#### Your instructions
Nothing but a verbatim copy of the data, minus the images, should be returned.

* * *

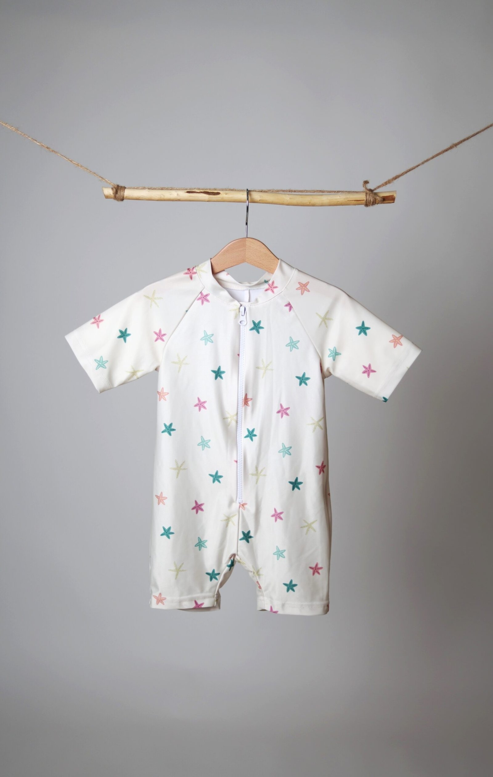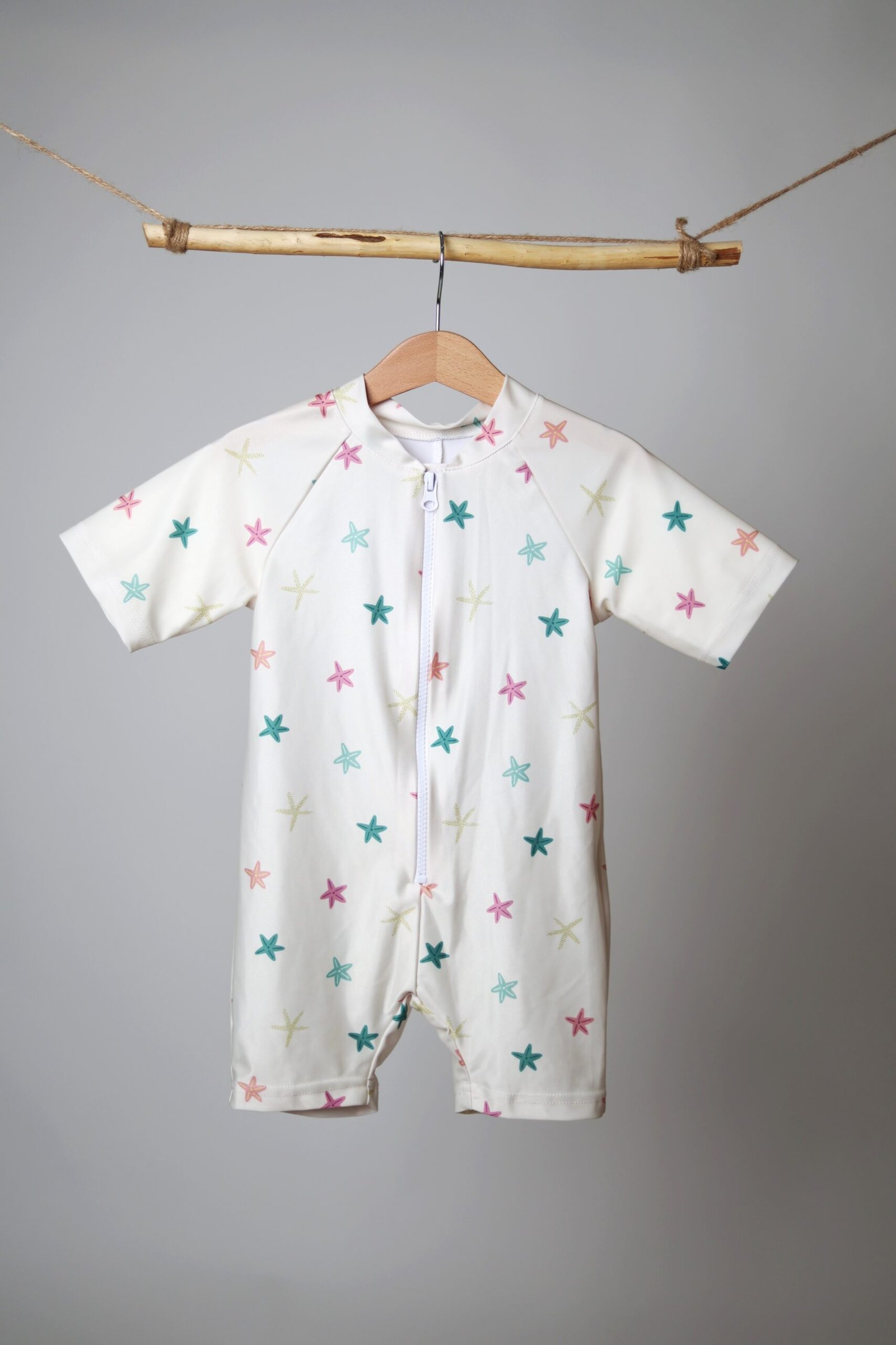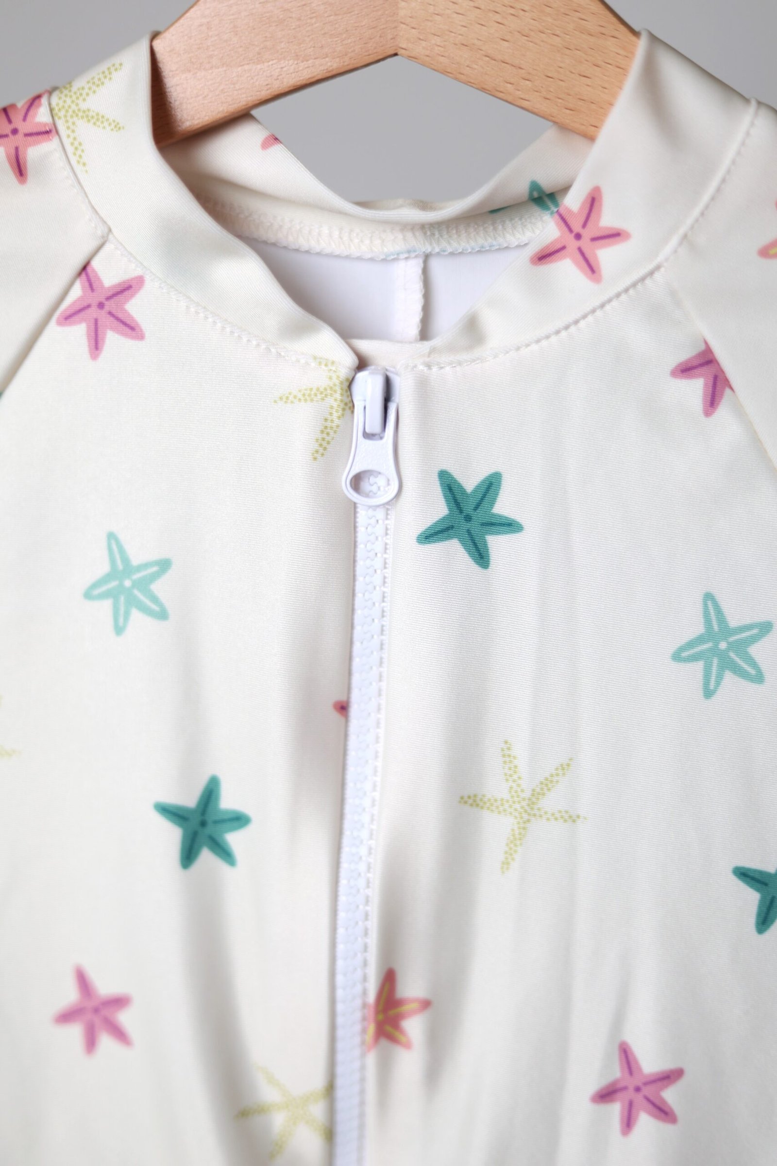 Pastelinių atspalvių, jūros žvaigždelių rašto vienos dalies maudymosi kostiumėlis segamas užtrauktuku priekyje.
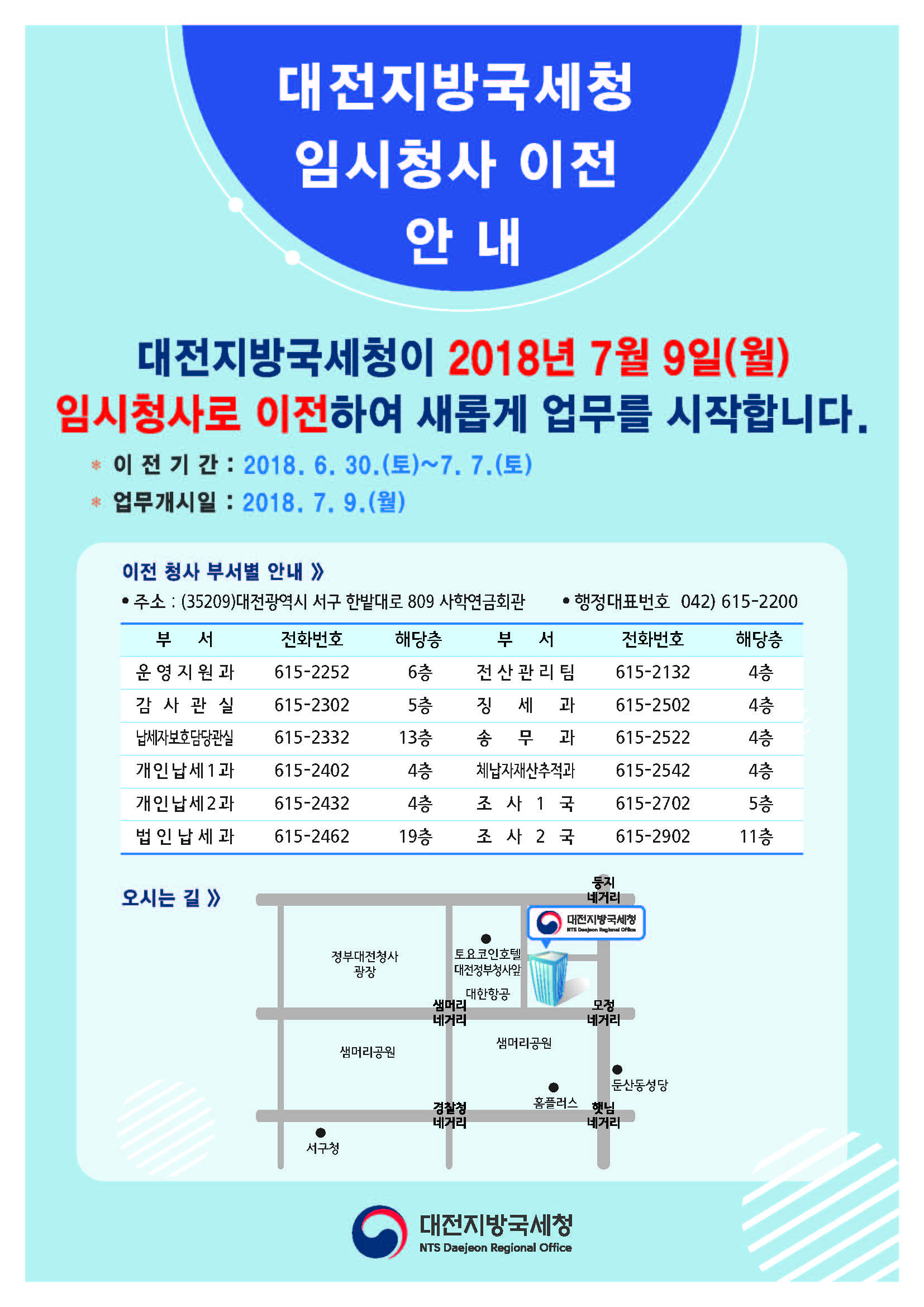 대전지방국세청이 7월 9일부터 임시청사에서 업무를 시작합니다.
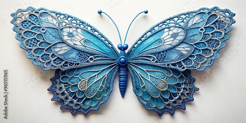 Obraz premium Blue Lace Butterfly - Crafted with Delicate Detail, Intricate Design, White Background, Butterfly, Lace, Blue
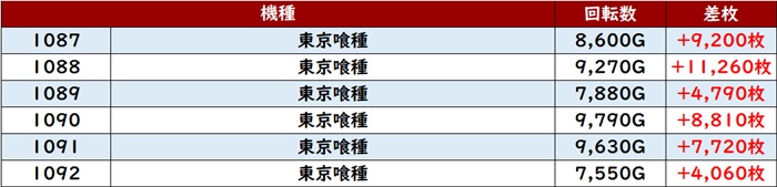 まずは「東京喰種 1087~1092」が全台差枚数+4,000枚超えと群を抜いた盛り上がりに!
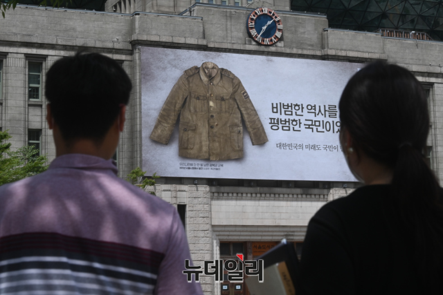 서울시가 광복절을 앞둔 9일 서울도서관 외벽 꿈새김판을 교체했다. 교체된 꿈새김판에는 광복군의 군복 사진과 함께 '비범한 역사를 만든 건 평범한 국민이었습니다 대한민국의 미래도 국민이 만들어갑니다'라는 문구가 나란히 게시됐다.서울시 관계자는 "광복군 군복은 한국에 남아 있는 유일한 광복군 군복으로 국가등록문화재 제460호로 등재됐고, 육군박물관에 소장 중인 군복은 1972년 1월 13일 서울시청 4층의 어느 금고에서 처음 발견됐다"고 설명했다. 이어 "이번 광복절을 전후해 서울꿈새김판에 총 3편의 광복절 기념 게시물을 연달아 게시할 계획이다"고 전했다.

* * *

#### Result below
 Pastelinių atspalvių, jūros žvaigždelių rašto vienos dalies maudymosi kostiumėlis segamas užtrauktuku priekyje.
 대전지방국세청이 7월 9일부터 임시청사에서 업무를 시작합니다.
 Obraz premium Blue Lace Butterfly - Crafted with Delicate Detail, Intricate Design, White Background, Butterfly, Lace, Blue
 まずは「東京喰種 1087~1092」が全台差枚数+4,000枚超えと群を抜いた盛り上がりに!
 서울시가 광복절을 앞둔 9일 서울도서관 외벽 꿈새김판을 교체했다. 교체된 꿈새김판에는 광복군의 군복 사진과 함께 '비범한 역사를 만든 건 평범한 국민이었습니다 대한민국의 미래도 국민이 만들어갑니다'라는 문구가 나란히 게시됐다.서울시 관계자는 "광복군 군복은 한국에 남아 있는 유일한 광복군 군복으로 국가등록문화재 제460호로 등재됐고, 육군박물관에 소장 중인 군복은 1972년 1월 13일 서울시청 4층의 어느 금고에서 처음 발견됐다"고 설명했다. 이어 "이번 광복절을 전후해 서울꿈새김판에 총 3편의 광복절 기념 게시물을 연달아 게시할 계획이다"고 전했다.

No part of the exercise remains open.